Why Natto Is Difficult — The Three Off-Putting Compounds

Three independent biochemical features of natto produce the strong sensory response that Westerners typically experience as disgust:

  1. Ammonia (NH₃) — produced by bacterial deamination of soybean amino acids during fermentation. Human olfactory neurons are exquisitely sensitive to ammonia (detection threshold ~5 ppm) because it is a key biomarker of decomposing protein. The hardwired association of ammonia with rotten meat is evolutionarily ancient. Natto's ammonia content rises with fermentation time and storage; older natto smells more strongly of ammonia than fresh natto.
  2. Isovaleric acid and short-chain fatty acids — the same compounds responsible for the sharp aroma of aged cheese (Roquefort, Limburger, Stilton). Westerners who enjoy strong cheese typically find natto's isovaleric component less objectionable than they expected; westerners who avoid strong cheese will find natto challenging on this dimension. The compounds bind to olfactory receptors OR5K1 and OR2W3.
  3. Poly-gamma-glutamic acid (PGA) "slime" — a polysaccharide-protein gel secreted by Bacillus subtilis during fermentation. PGA produces the characteristic stringy, mucilaginous texture that natto develops when stirred. The texture is the single most challenging sensory feature for Westerners — the visual and tactile experience of a food that produces long, sticky threads as you lift it from the dish triggers strong aversion in cultures without textural counterparts. Even Japanese children typically need 20-30 exposures to develop tolerance.

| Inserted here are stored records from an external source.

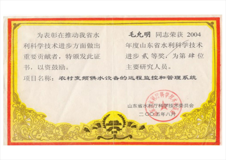 在“依科技創(chuàng)新發(fā)展”的理念引導(dǎo)下,為進(jìn)一步提高農(nóng)村變頻供水系統(tǒng)的科技含量,完善農(nóng)村供水管理和服務(wù)體系,公司研發(fā)了多項相關(guān)技術(shù),其中“農(nóng)村變頻供水設(shè)備的遠(yuǎn)程監(jiān)控和管理系統(tǒng)”及“供水自動化智能控制與全數(shù)字動態(tài)顯示系統(tǒng)的研究”獲得了山東省水利廳科學(xué)技術(shù)進(jìn)步獎;
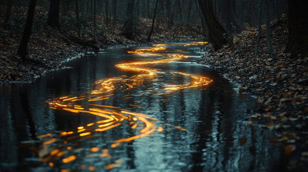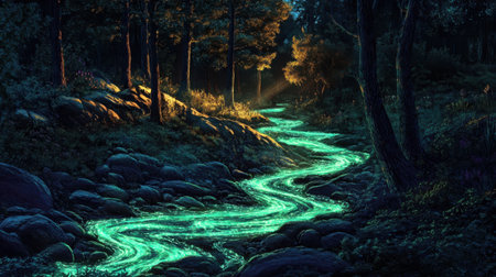 A mystical river glows with vibrant light as it winds through a tranquil forest. The surrounding trees create a serene atmosphere, illuminated by the fading daylight.
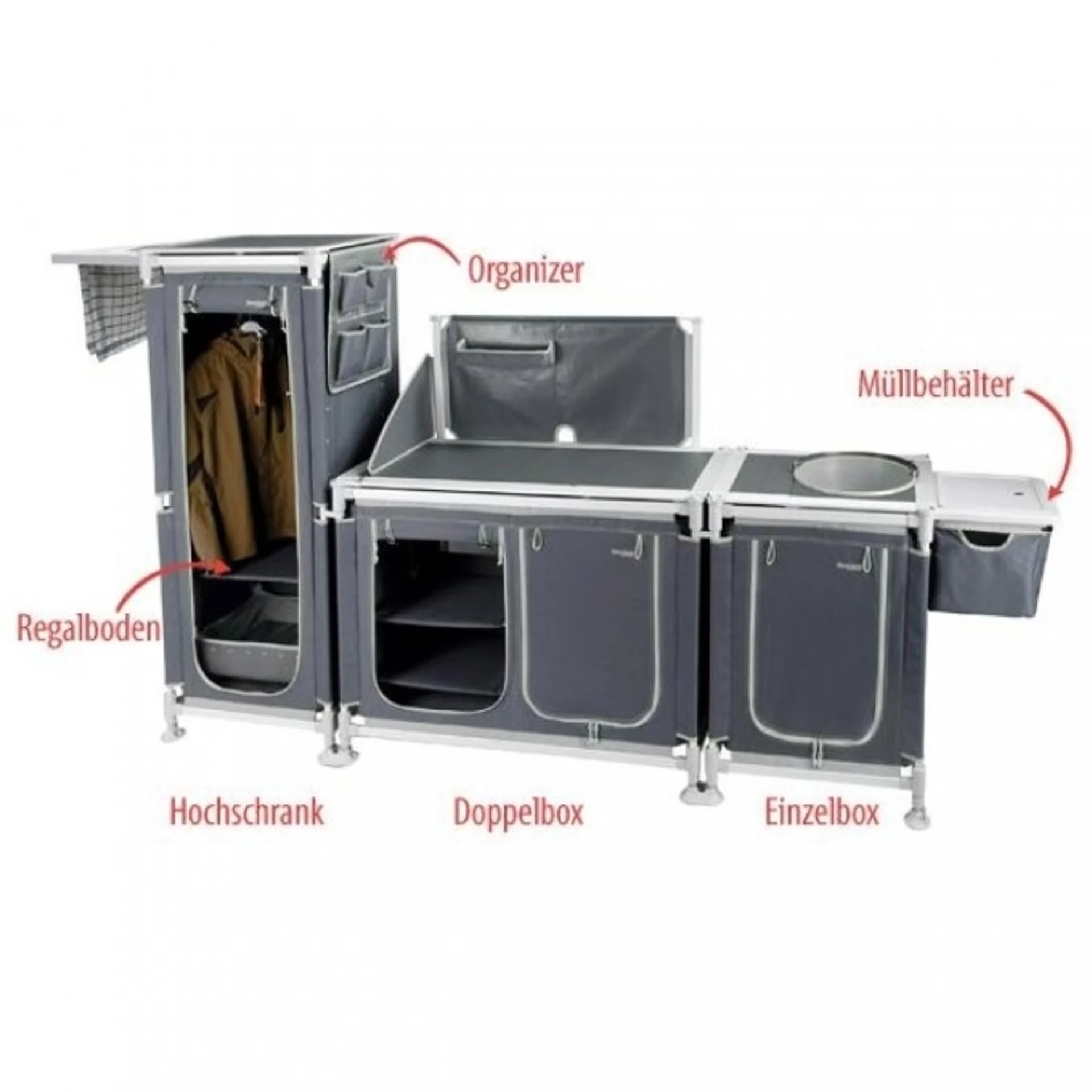 L'armoire ModuCamp est parfaite pour ranger les vêtements et les chaussures, elle fait partie d'un système modulaire d'auvent. Peut être combiné avec d'autres modules pour former un aménagement complet de l'auvent.Peut être ajouté : 1 armoire de cuisine (art. n° 92590), 1 cuisine de camping Single (art. n° 92588),très pratique : une autre étagère pour l'armoire (art. n° 92594), un ustensilo ilo (art. n° 92595). Pour relier les modules, utilise : raccord d'armoire n° 92593.

Understanding which dimension is most off-putting helps target the remediation. If ammonia is the issue, freshness and mustard suppression are the levers. If the slime is the issue, dilution into rice / egg / other matrices is the lever. If the cheese-like notes are the issue, the food may simply not be for you and the supplement alternative is the rational choice.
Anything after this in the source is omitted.